1 Verder sprak de HEERE tot Mozes, zeggende:
And the Lord said to Moses,
2 Gij zult ook tot de kinderen Israels zeggen: Een ieder uit de kinderen Israels, of uit de vreemdelingen, die in Israel als vreemdelingen verkeren, die van zijn zaad den Molech gegeven zal hebben, zal zekerlijk gedood worden; het volk des lands zal hem met stenen stenigen.
Again, say to the children of Israel, If any man of the children of Israel, or any other man living in Israel, gives his offspring to Molech, he is certainly to be put to death: he is to be stoned by the people of the land;
3 En Ik zal Mijn aangezicht tegen dien man zetten, en zal hem uit het midden zijns volks uitroeien; want hij heeft van zijn zaad den Molech gegeven, opdat hij Mijn heiligdom ontreinigen, en Mijn heiligen Naam ontheiligen zou.
And my face will be turned against that man, and he will be cut off from his people; because he has given his offspring to Molech, making my holy place unclean, and making my holy name common.
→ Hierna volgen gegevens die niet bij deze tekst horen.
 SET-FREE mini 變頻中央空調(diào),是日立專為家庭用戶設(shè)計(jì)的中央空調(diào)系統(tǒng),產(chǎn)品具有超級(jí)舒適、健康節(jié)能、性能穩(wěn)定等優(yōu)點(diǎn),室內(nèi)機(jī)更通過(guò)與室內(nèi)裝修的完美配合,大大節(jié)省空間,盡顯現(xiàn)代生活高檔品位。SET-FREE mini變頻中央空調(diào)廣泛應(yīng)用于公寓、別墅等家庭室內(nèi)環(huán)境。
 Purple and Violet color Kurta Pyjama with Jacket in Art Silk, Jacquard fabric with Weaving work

4 En indien het volk des lands hun ogen enigzins verbergen zal van dien man, als hij van zijn zaad den Molech zal gegeven hebben, dat het hem niet dode;
And if the people of the land do not take note of that man when he gives his offspring to Molech, and do not put him to death,
5 Zo zal Ik Mijn aangezicht tegen dien man en tegen zijn huisgezin zetten, en Ik zal hem, en al degenen, die hem nahoereren, om den Molech na te hoereren, uit het midden huns volks uitroeien.
Then my face will be turned against him and his family, and he and all those who do evil with him will be cut off from among their people.
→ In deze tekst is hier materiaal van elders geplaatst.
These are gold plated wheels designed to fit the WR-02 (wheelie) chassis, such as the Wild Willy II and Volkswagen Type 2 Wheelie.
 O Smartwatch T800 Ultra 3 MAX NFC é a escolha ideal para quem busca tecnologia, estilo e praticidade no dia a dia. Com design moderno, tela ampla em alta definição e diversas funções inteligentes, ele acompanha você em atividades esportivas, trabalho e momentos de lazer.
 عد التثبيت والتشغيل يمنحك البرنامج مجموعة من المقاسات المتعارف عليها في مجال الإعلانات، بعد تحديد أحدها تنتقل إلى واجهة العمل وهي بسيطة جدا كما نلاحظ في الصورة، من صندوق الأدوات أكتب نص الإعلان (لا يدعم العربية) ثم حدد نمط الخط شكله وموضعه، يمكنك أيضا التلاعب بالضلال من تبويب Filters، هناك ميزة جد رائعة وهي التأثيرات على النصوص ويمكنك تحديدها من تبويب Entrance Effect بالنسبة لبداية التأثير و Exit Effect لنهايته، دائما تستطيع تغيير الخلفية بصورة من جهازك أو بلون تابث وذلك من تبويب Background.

6 Wanneer er een ziel is, die zich tot de waarzeggers en tot de duivelskunstenaars zal gekeerd hebben, om die na te hoereren, zo zal Ik Mijn aangezicht tegen die ziel zetten, en zal ze uit het midden haars volks uitroeien.
And whoever goes after those who make use of spirits and wonder-workers, doing evil with them, against him will my face be turned, and he will be cut off from among his people.
7 Daarom heiligt u, en weest heilig; want Ik ben de HEERE, uw God!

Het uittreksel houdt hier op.